The development of our business into four major transportation services has affected our operating metrics over time. Three measures with significant changes are average length of haul, average revenue per mile (excluding fuel surcharges), and average miles per tractor. A description of each follows:
 
 
Our average length of haul has decreased significantly as we have increased the use of solo driver tractors and increased our focus on regional markets. Shorter lengths of haul frequently involve higher rates per mile from customers, fewer miles per truck, and a greater percentage of non-revenue miles caused by re-positioning of equipment.
    

 
Average Revenue Per Mile. Our average revenue per mile has increased sharply. Average revenue per loaded mile has increased 12.0% since 2000, while non-revenue miles have also increased. This led to a 10.4% increase in average revenue per total mile. All revenue per mile numbers exclude fuel surcharge revenue.
        

 
Average Miles Per Tractor. Our average miles per tractor have decreased because of a lower percentage of teams in our fleet and a shortening of our average length of haul.
    

 
Because of the changes in our business, we use average freight revenue per tractor per week (which excludes fuel surcharges) as our main measure of asset productivity. This operating metric takes into account the effects of freight rates, non-revenue miles, and miles per tractor. In addition, because we calculate average freight revenue per tractor using all of our trucks, it takes into account the percentage of our fleet that is unproductive due to lack of drivers, repairs, and other factors.
      


5


Customers and Operations

Our primary customers include manufacturers and retailers, as well as other transportation companies. In 2004, our five largest customers were Wal-Mart Stores, Con-Way Transportation, Georgia Pacific, Eagle Global Logistics and Shaw Industries. In the aggregate, subsidiaries of CNF, Inc. including Con-Way Transportation and Emery Air Freight, accounted for approximately 9% of our revenue in 2004 and 11% for 2003 and 2002.

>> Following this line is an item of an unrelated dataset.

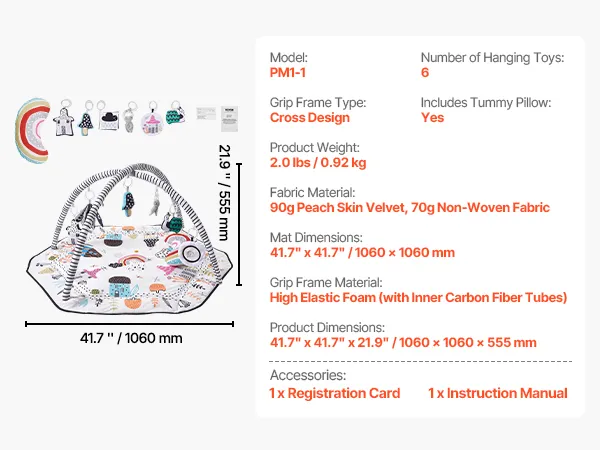 Growing with Your Baby: Designed for babies aged 0-18 months, the VEVOR multi-functional baby play gym mat offers a comfortable space for rest, play, and learning. With 6 interactive toys, it promotes baby's sensory development and motor skills, helping babies practice crawling, sitting, grasping, and more.

We operate tractors driven by a single driver and also tractors assigned to two-person driver teams. Over time the percentage of our revenue generated by driver teams has trended down, although the mix will depend on a variety of factors over time. Our single driver tractors generally operate in shorter lengths of haul, generate fewer miles per tractor, and experience more non-revenue miles, but the lower productive miles are expected to be offset by generally higher revenue per loaded mile and the reduced employee expense of compensating only one driver.

We equip our tractors with a satellite-based tracking and communications system that permits direct communication between drivers and fleet managers. We believe that this system enhances our operating efficiency and improves customer service and fleet management. This system also updates the tractor's position every 30 minutes, which allows us and our customers to locate freight and accurately estimate pick-up and delivery times. We also use the system to monitor engine idling time, speed, performance, and other factors that affect operating efficiency.

As an additional service to customers, we offer electronic data interchange and Internet-based communication for customer usage in tendering loads and accessing information such as cargo position, delivery times, and billing information. These services allow us to communicate electronically with our customers, permitting real-time information flow, reductions or eliminations in paperwork, and the employment of fewer clerical personnel. Since 1997, we have used a document imaging system to reduce paperwork and enhance access to important information.

Our operations generally follow the seasonal norm for the trucking industry. Equipment utilization is usually at its highest from May to August, maintains high levels through October, and generally decreases during the winter holiday season and as inclement weather impedes operations.

We operate throughout the United States and in parts of Canada and Mexico, with substantially all of our revenue generated from within the United States. All of our assets are domiciled in the United States, and for the past three years less than one percent of our revenue has been generated in Canada and Mexico. We do not separately track domestic and foreign revenue from customers or domestic and foreign long-lived assets, and providing such information would be impracticable.

Drivers and Other Personnel

Driver recruitment, retention, and satisfaction are essential to our success, and we have made each of these factors a primary element of our strategy. We recruit both experienced and student drivers as well as independent contractor drivers who own and drive their own tractor and provide their services to us under lease. We conduct recruiting and/or driver orientation efforts from four of our locations and we offer ongoing training throughout our terminal network. We emphasize driver-friendly operations throughout our organization. We have implemented automated programs to signal when a driver is scheduled to be routed toward home, and we assign fleet managers specific tractor units, regardless of geographic region, to foster positive relationships between the drivers and their principal contact with us.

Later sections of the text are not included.